Conclusion: I am horribly unprepared to run a game yet.
Explaining the concept and purpose of character Aspects proved more difficult than I'd anticipated, but that's partly due to my own vague understanding, and occasional confusion of the invoke/compel terminology. Nailing down a High Concept proved especially tricky, though the rest of it went far quicker as we both got the hang of things - and I think I got a little better at explaining things.
Fortunately she's helped a lot with the overall game scenario, so she had a strong idea of the kind of character that would fit into the world; my real players won't have been as hands-on with the backstory, so that's something I'll have to keep in mind when they're making characters.

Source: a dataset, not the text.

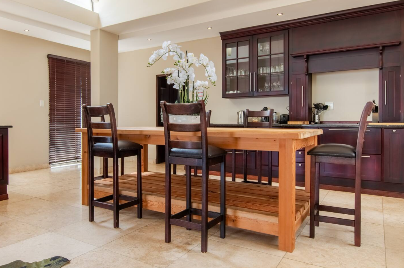 Die leefarea het 'n oopplan-ontwerp met 'n volledig toegeruste kombuis, insluitend 'n stoof, oond, mikrogolfoond, yskas-vrieskas, eetgerei en breekware. Vir ekstra gerief is 'n skottelgoedwasser en wasmasjien ook beskikbaar. 'n Eetkamertafel met 6 sitplekke langs die kombuis is perfek om maaltye te geniet. Die sitarea is ingerig met gemaklike sitplek en 'n slim-TV met toegang tot YouTube en Netflix, asook gratis WiFi. Vir binnenshuise vermaak kan gaste 'n pooltafel en mini-tafeltennis geniet.
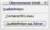 Das Rollout "Übernommener Inhalt" zeigt den Pfad und den Namen der aktuell ausgewählten Quellcontainer-Definition sowie die Datei an, aus der Sie den Inhalt übernehmen, und ermöglicht das Zusammenführen der Inhalte in einer Szene.

The fight (that most basic of RPG interactions) started off badly, from a GM perspective. I should have done more to encourage or enable interesting actions, but I'd neglected to write out any environment Aspects for the characters to Create Advantages with.
I also had Catherine go first, and without my lead to go on her only real course of action was to hit things, which quickly got... well, kind of boring. It turned into attack/defend rolls so fast that I'm stunned I didn't see it coming.
Things improved when we adopted the mantra of "explain what you want to do, then worry about how you do it" - initially we were both approaching the fight in terms of mechanics rather than narrative.
Once we were thinking of cool ways to hit our opponents and use the environment everything started to flow better, we had a wider variety of skills to roll and got more interesting outcomes when we did. (One of my thugs tried to move over a bed rather than around it; his Athletics Overcome roll failed badly and he knocked himself out.)
The biggest takeaway from the evening is that "explain your goal" idea. It's something I'd already been trying to work into the missions and sidequests I've written - give the party a clear objective, then let them figure out how best to achieve it - but it never occurred to me that it would be so important for every exchange in a scene.
Tangentially related to that is making sure I have plenty of Aspects for them to Create Advantages with, which will also hopefully distinguish one fight from another, and making sure plenty of different kinds of actions make sense - so there are obstacles to Overcome rather than just Attacking all the time.
It took basically until the last thug was defeated for me to get a proper sense of how an exchange is supposed to flow. There are still plenty of thing's I'm unsure of - boosts are a big question mark for me, I'm not sure how to apply "costs" to failed and tied rolls, my sense of passive opposition difficulty needs tweaking, and I have a feeling that encounter would have been laughably easy for a four-member party - but now I feel much better about trying it again.